You’re ready to be your own boss—check! You’re also passionate about an idea and dying to bring it to life—double check! But before you quit your day job, it should come as no surprise that running your own business can be an overwhelming new challenge. So how do you know if you’ve really got what it takes? There are a few important traits shared by successful entrepreneurs that can help guide you.
These qualities will make a huge difference when it comes to getting your business up and running:
1. You Have an Idea That Fills a Gap
The first step to success is finding a need that isn’t already being filled. When Tim Crossley was freelancing as an audio engineer, he was having trouble finding his footing because there were a lot of people in his field. But after learning how to design recording studios, he recognized that there wasn’t much competition in that niche.

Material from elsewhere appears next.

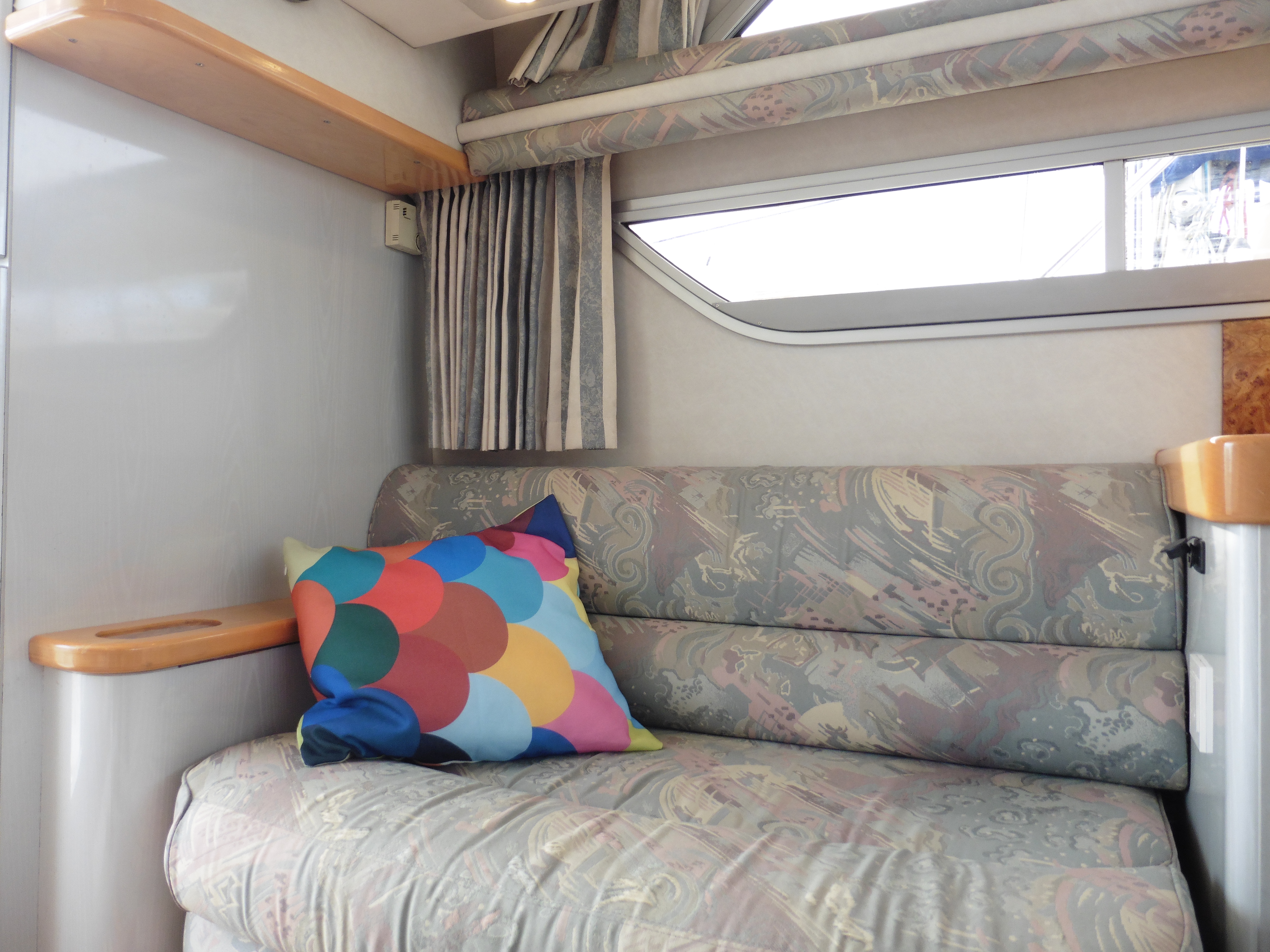 Saloon with L-shaped seating/double berth with pull out section to starboard, additional pull out double seat to port with storage, adjustable saloon table, large under floor storage, coat hanging cupboard

“It seemed like there weren’t a lot of people helping people determine how to make their rooms sound better,” says Crossley, a co-founder of Crossley Acoustics, a full-service acoustic design and build firm in Brooklyn. He started to pursue it, turning Crossley Acoustics into one of the few firms that offer the full recording studio experience, from design to construction.
He admits the work isn’t the easiest: “Construction is a difficult business to be in New York City, but it’s what’s helped us stand out from our competition,” he says. “There are very few companies that do a multitude of work that we do.”
2. You’re Willing to Do All the Things
Many people start their own company because they want to focus on what they love. But as a small business owner, you’re not just doing the thing you want to do; you’re responsible for everything else, too.
“When you’re in charge of the business, you wear all the hats,” says Alison Matheny, founder of BEST, a creative studio based in New York City that handles branding and content creation projects for a variety of products (everything from hotels to skincare). “You’re the bookkeeper, the project manager, the creative director, the website manager, the social poster—you do everything.”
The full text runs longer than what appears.